▶ **Work to complete**
In the entries below, find the line with "Overtly feminine in" and the line with "Лаконичный черный джемпер"; reproduce those two lines and all lines between them exactly, without pictures.

▶ **Raw data**
——————————

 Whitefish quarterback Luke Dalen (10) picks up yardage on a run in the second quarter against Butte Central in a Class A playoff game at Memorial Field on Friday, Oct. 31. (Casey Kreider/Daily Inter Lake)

——————————

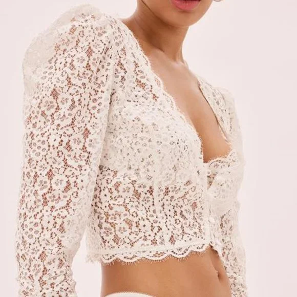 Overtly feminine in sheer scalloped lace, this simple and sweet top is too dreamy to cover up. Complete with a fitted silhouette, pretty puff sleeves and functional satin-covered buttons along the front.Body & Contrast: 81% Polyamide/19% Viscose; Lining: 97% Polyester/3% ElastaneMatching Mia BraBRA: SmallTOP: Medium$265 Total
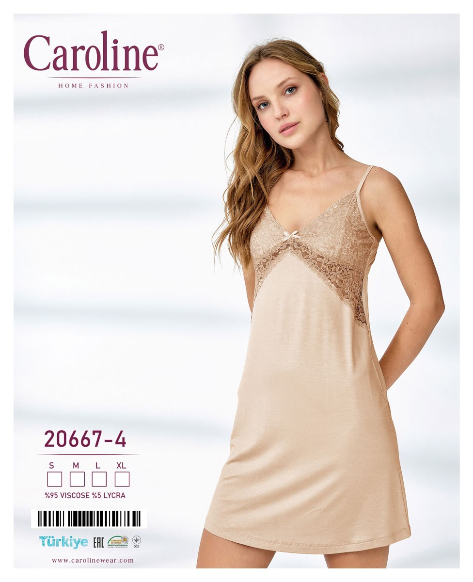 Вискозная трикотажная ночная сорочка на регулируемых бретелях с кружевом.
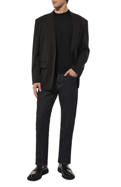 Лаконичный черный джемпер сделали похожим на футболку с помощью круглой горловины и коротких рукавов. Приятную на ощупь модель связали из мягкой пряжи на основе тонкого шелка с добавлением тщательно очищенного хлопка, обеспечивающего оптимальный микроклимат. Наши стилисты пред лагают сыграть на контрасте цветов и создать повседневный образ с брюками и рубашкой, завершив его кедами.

——————————

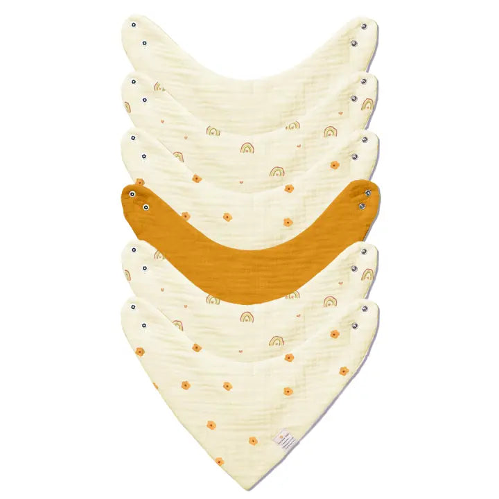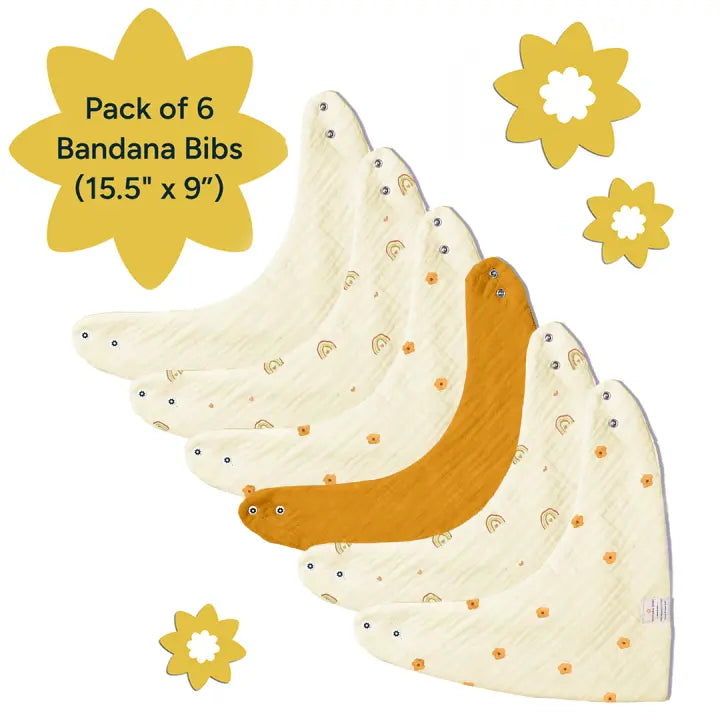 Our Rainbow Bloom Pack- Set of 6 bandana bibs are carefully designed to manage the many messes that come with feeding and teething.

——————————

▶ **Your response**
 Overtly feminine in sheer scalloped lace, this simple and sweet top is too dreamy to cover up. Complete with a fitted silhouette, pretty puff sleeves and functional satin-covered buttons along the front.Body & Contrast: 81% Polyamide/19% Viscose; Lining: 97% Polyester/3% ElastaneMatching Mia BraBRA: SmallTOP: Medium$265 Total
 Вискозная трикотажная ночная сорочка на регулируемых бретелях с кружевом.
 Лаконичный черный джемпер сделали похожим на футболку с помощью круглой горловины и коротких рукавов. Приятную на ощупь модель связали из мягкой пряжи на основе тонкого шелка с добавлением тщательно очищенного хлопка, обеспечивающего оптимальный микроклимат. Наши стилисты пред лагают сыграть на контрасте цветов и создать повседневный образ с брюками и рубашкой, завершив его кедами.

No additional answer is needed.